Instructions to follow ▸ Every line below should be copied exactly; drop the pictures.

Data extract ▸
***

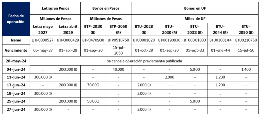 Las operaciones se realizarán a partir del 4 de junio, y durante todo ese mes. En ellas, se ofrecerán Letras en pesos con vencimiento en mayo de 2027, Letras en Pesos con vencimiento en abril de 2029 y la reapertura del bono en UF con vencimiento en octubre de 2028.
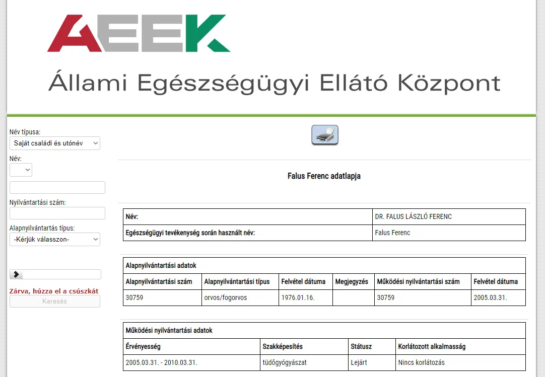 Több mint tíz éve, 2010 márciusában lejárt az orvosi működési engedélye, nem praktizálhat, betegek közelébe sem mehet az ellenzék megmondó embere, Falus Ferenc.
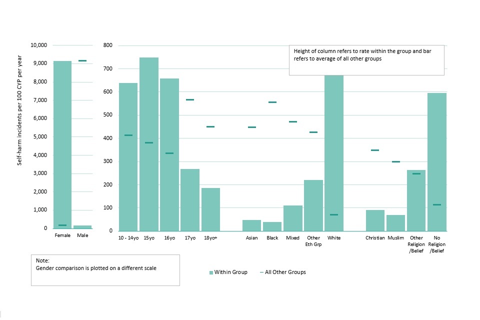 The following groups have a high rate of self-harm: girls, 15 year-olds, white ethnic groups and those with no religion. The rate of self-harm among girls across the whole Children and Young People Secure Estate in the 12 months ending 31st December 2022 was 9,156 incidents per 100 CYP per year, compared to 169 incidents per 100 CYP per year for boys.

***

Result for this task ▸
 Las operaciones se realizarán a partir del 4 de junio, y durante todo ese mes. En ellas, se ofrecerán Letras en pesos con vencimiento en mayo de 2027, Letras en Pesos con vencimiento en abril de 2029 y la reapertura del bono en UF con vencimiento en octubre de 2028.
 Több mint tíz éve, 2010 márciusában lejárt az orvosi működési engedélye, nem praktizálhat, betegek közelébe sem mehet az ellenzék megmondó embere, Falus Ferenc.
 The following groups have a high rate of self-harm: girls, 15 year-olds, white ethnic groups and those with no religion. The rate of self-harm among girls across the whole Children and Young People Secure Estate in the 12 months ending 31st December 2022 was 9,156 incidents per 100 CYP per year, compared to 169 incidents per 100 CYP per year for boys.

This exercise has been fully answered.